_What to produce_
Once the line containing "煎餅當(dāng)早飯賣,但" is found in the data below, repeat it and every later line exactly, leaving the pictures out.

_Dataset excerpt_

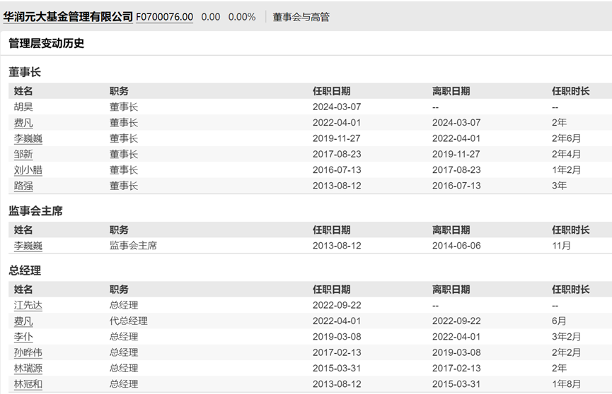 规模裹足不前的同时,华润元大的高管层也不断变换。截至目前已换了6任董事长、6任总经理,平均任职不到两年。
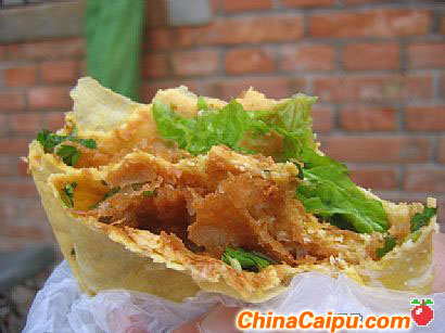 煎餅當(dāng)早飯賣,但那些著實(shí)不夠正宗。煎餅因其脆、香、薄而聞名。蒲松齡也是一個(gè)愛吃煎餅的人,專門寫了一篇<煎餅賦>,其中一句:“圓如望月,大如銅鉦,薄似剡溪之紙,色似黃鶴之翎,此煎餅之定制也?!本褪沁@樣了,蒲松齡專門為煎餅寫斌,可見有多喜愛。
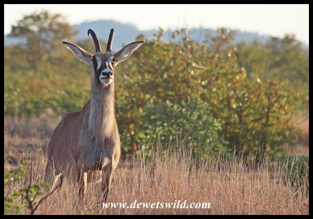 Kruger Winter 2016 Rare Antelope Roan (4) ← Previous Next → Roan Antelope Cow along the Nshawu marsh in Kruger Park
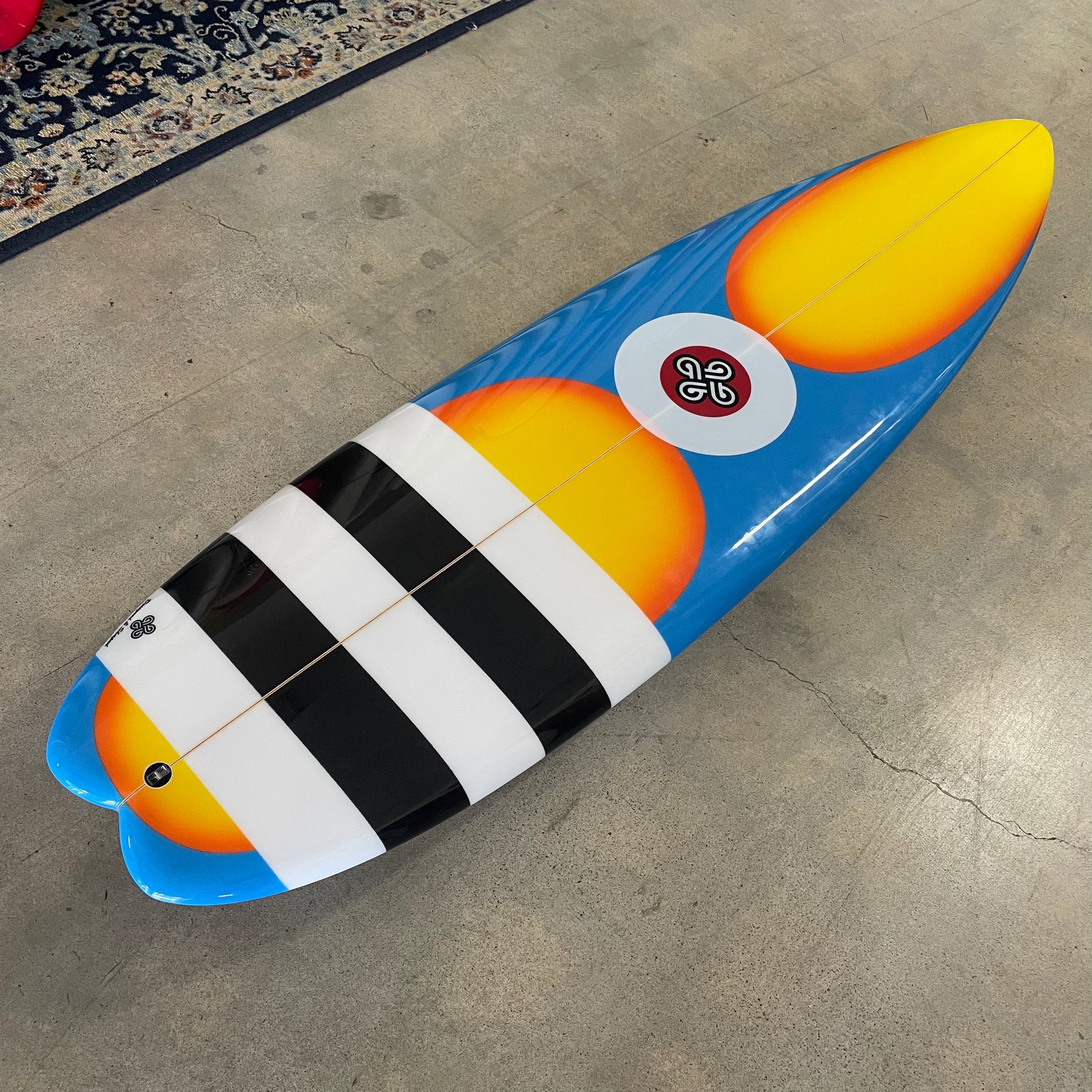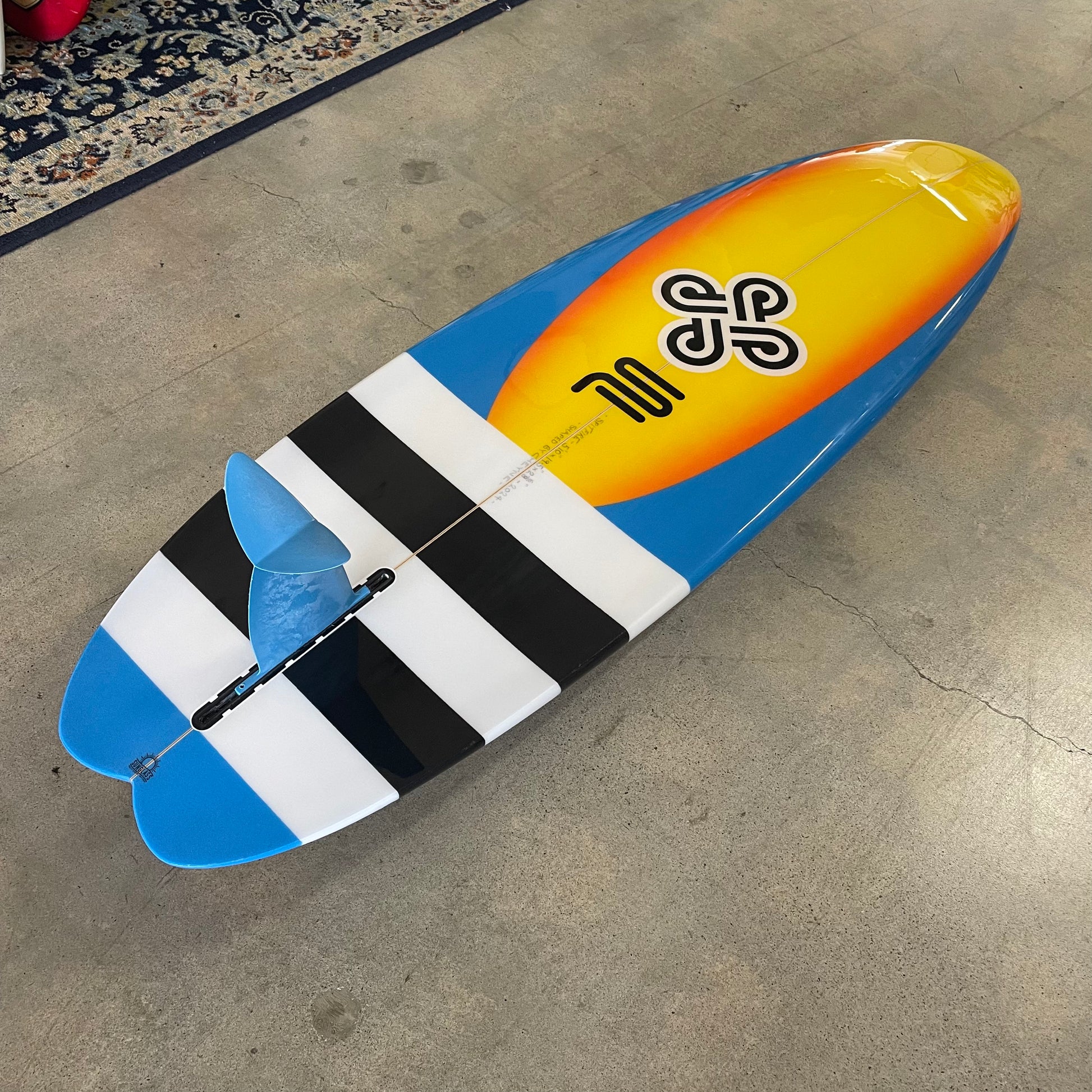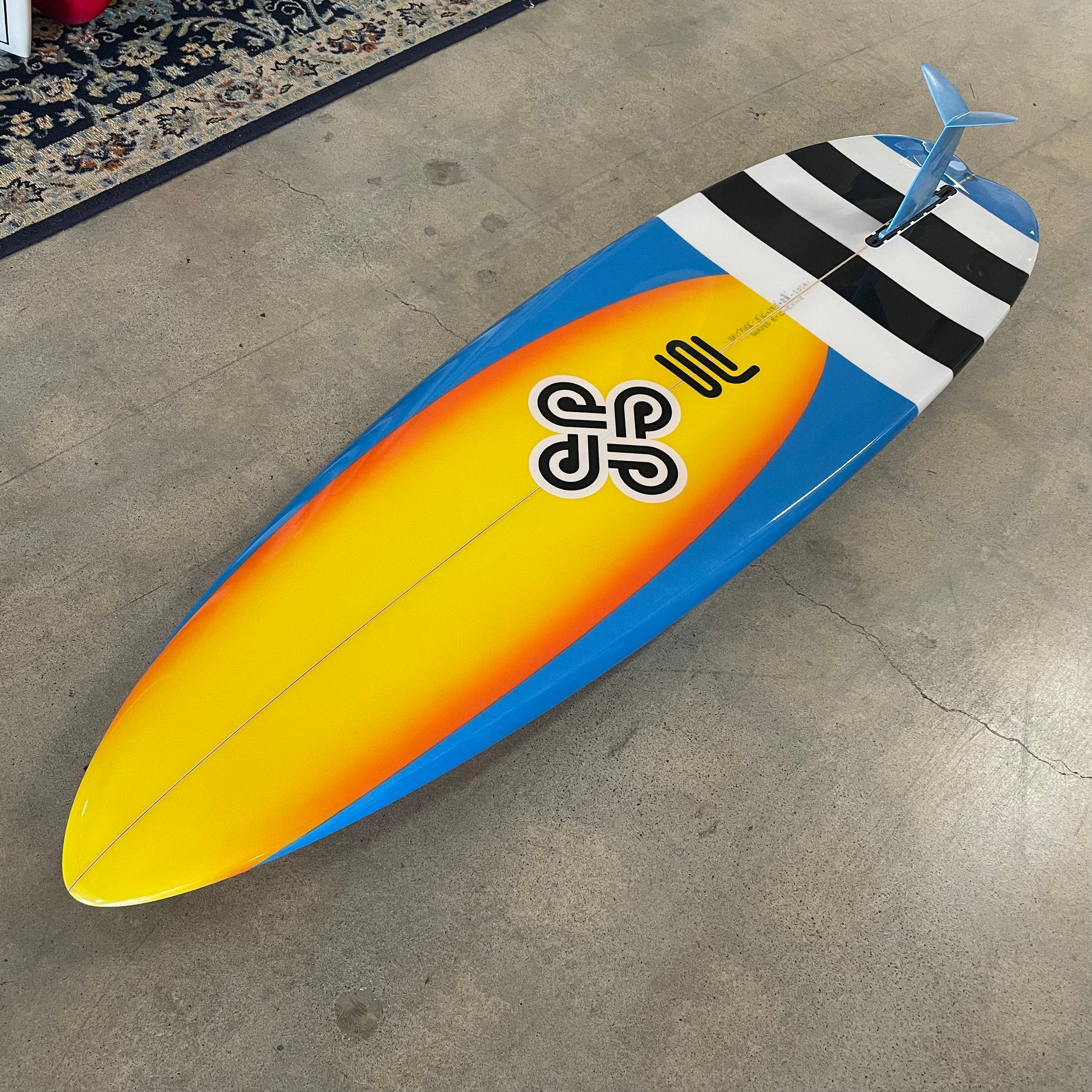 Color: Blue with Orange fade airbrush, and Black and White stripes

_Task solution_
 煎餅當(dāng)早飯賣,但那些著實(shí)不夠正宗。煎餅因其脆、香、薄而聞名。蒲松齡也是一個(gè)愛吃煎餅的人,專門寫了一篇<煎餅賦>,其中一句:“圓如望月,大如銅鉦,薄似剡溪之紙,色似黃鶴之翎,此煎餅之定制也?!本褪沁@樣了,蒲松齡專門為煎餅寫斌,可見有多喜愛。
 Kruger Winter 2016 Rare Antelope Roan (4) ← Previous Next → Roan Antelope Cow along the Nshawu marsh in Kruger Park
 Color: Blue with Orange fade airbrush, and Black and White stripes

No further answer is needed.